Abstract
This report describes the analysis of two aerial surveys in the Norfolk Round 3 Zone 5 potential offshore wind farm area in the spring of 2009. One survey employed on-board observers and subdivided the study region into 8 blocks or strata. These strata were surveyed over 5 days of surveying during the period 5 March-20 April. A second survey employed digital video technology to collect animal detections. This survey was completed over 3 days.
Abundance estimates were computed using conventional distance sampling estimators as well as density surface models for the visual surveys. Strip transect methods as well as density surface models were used to compute abundance estimates for the digital video surveys. Rather than producing estimates for each species encountered during the surveys, species were grouped into ‘divers’, ‘gulls’, and ‘seabird’ categories. Hence six estimates for each strata were produced for the visual survey data, and five abundance estimates were produced for the digital video surveys (too few divers were detected to produce estimates using density surface modelling).

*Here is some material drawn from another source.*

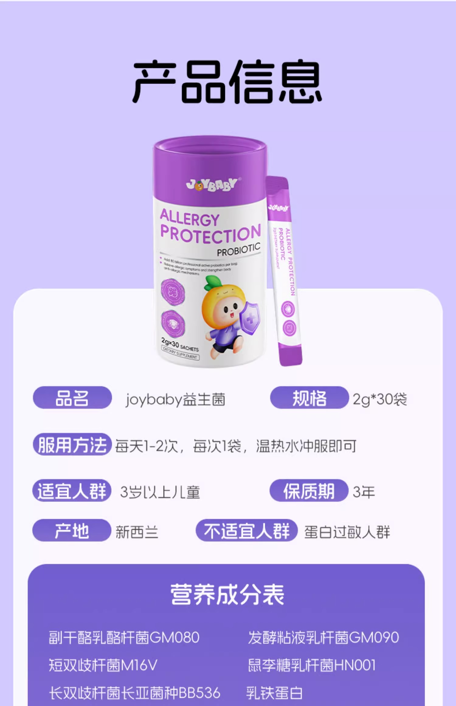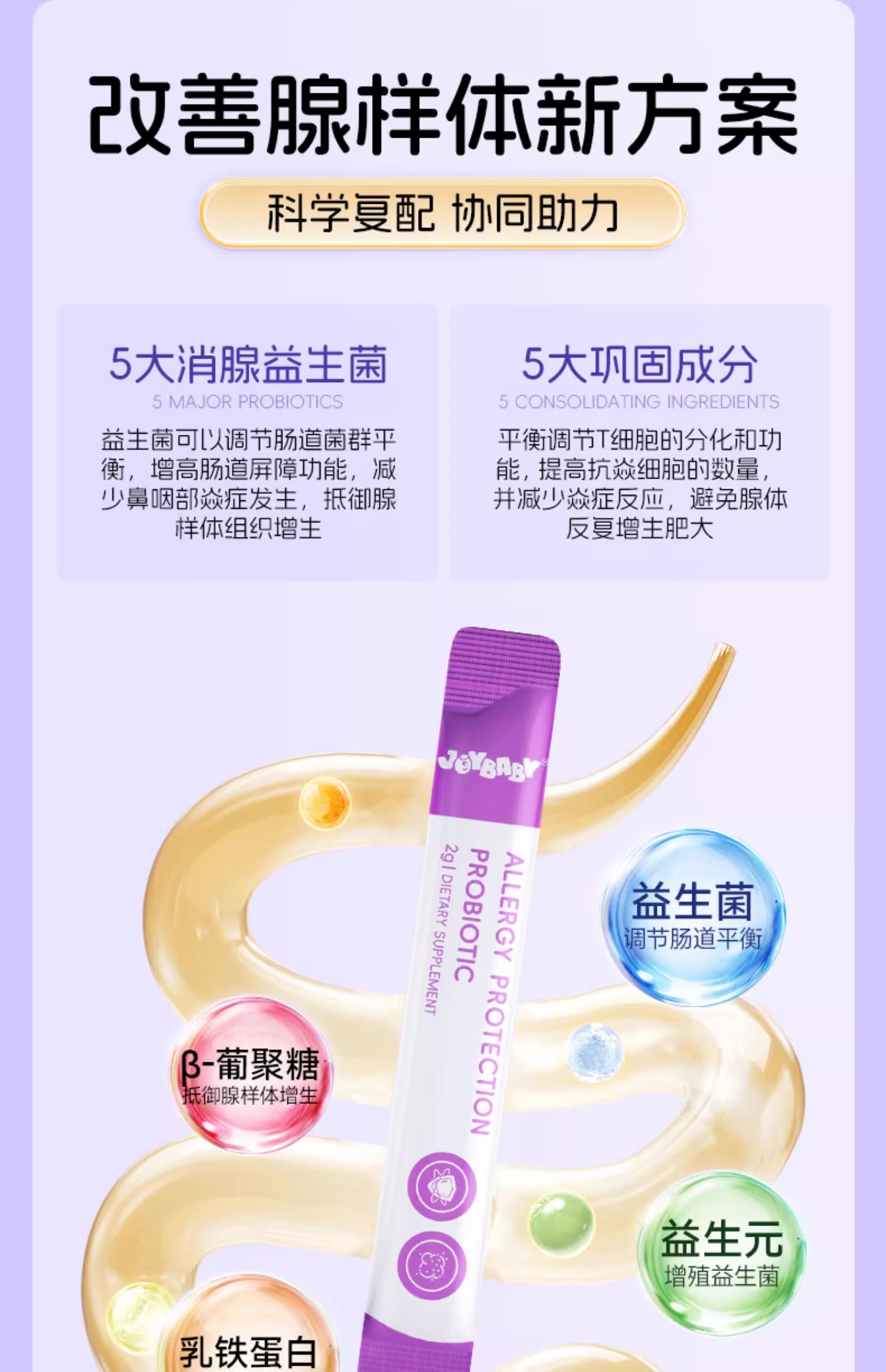 joybaby益生菌改善腺样体不适口呼吸 调理腺样体面容

It was not feasible to estimate numbers of each species group in the entire region, because the surveys were conducted over a protracted survey period, during which bird numbers and distributions can be expected to vary substantially. We therefore used smaller areas corresponding to the strata (blocks) defined in the design of the visual surveys as the basic unit of comparison. As a result, the digital survey effort was broken into smaller blocks than in the original design of this survey. Likewise, the comparison of estimates produced by the two survey methods could only be on a single stratum where surveys by the two teams were conducted at roughly the same time. The correspondence of abundance estimates for three species groups in this stratum was reasonable for gulls, but confidence intervals for the two surveys do not overlap for the ‘seabird’ group.
We measured precision of the visual and digital surveys in two ways. First we selected a stratum (NS1) where the data for the two types of surveys were most comparable. But to approximate the precision for the entire study region, we needed to sum estimates over all strata, even though the survey was carried out over a period >5 weeks. We then needed to further approximate the precision over the entire study region for the digital survey. This involved extrapolating the increase in precision observed for visual surveys from the stratum to the study region to the digital surveys. We urge caution in interpreting the measures of precision at the level of the entire survey region.

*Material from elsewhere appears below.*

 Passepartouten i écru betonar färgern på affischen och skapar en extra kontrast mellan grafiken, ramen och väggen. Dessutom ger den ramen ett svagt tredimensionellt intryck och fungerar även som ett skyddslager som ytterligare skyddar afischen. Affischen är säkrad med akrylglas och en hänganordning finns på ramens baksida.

Precision of the survey method/analysis method/species group fell broadly into three categories. Conventional distance sampling estimates from visual surveys were most precise with coefficients of variation (CVs) on the order of 0.10. Density surface model estimates of visual surveys of gulls and digital surveys of seabirds along with strip transect digital survey estimates of seabirds produced CVs on the order of 0.30, and all other survey/analysis/species combinations had CVs in the range of 0.45-0.66. Survey/analysis methods that have CVs of 0.30 require an annual change (either positive or negative) of around 11% to ensure that the power to detect this trend within 10 years of annual surveys is to be 0.8. These are quite large absolute changes to the study populations, making those survey/analysis methods quite poor at detecting change in avian populations.
Because of the lack of coordination during the conduct of the surveys, this post-hoc comparison is uninformative from the perspective of comparing survey methods. Movements over the protracted survey period, both within the study region and in or out of it, render dubious any exercise in summing estimates over sub-regions, and in comparing sub-region estimates corresponding to dates that differ appreciably. However, we do have some confidence in the estimates of precision associated with each survey method. Based on the data after filtering and matching from these surveys in the Norfolk Round 3 Zone 5, sufficient power is assured only for avian data derived from visual surveys.
We suspect that both data acquisition methods and survey design can be improved to enhance the precision of abundance estimates using digital techniques. Encounter rate variability (differences in the number of animals detected between transects) drives much of the uncertainty associated with these surveys, and careful attention to survey design can reduce this source of variation that results in these high measures of uncertainty, and consequent poor power to detect change.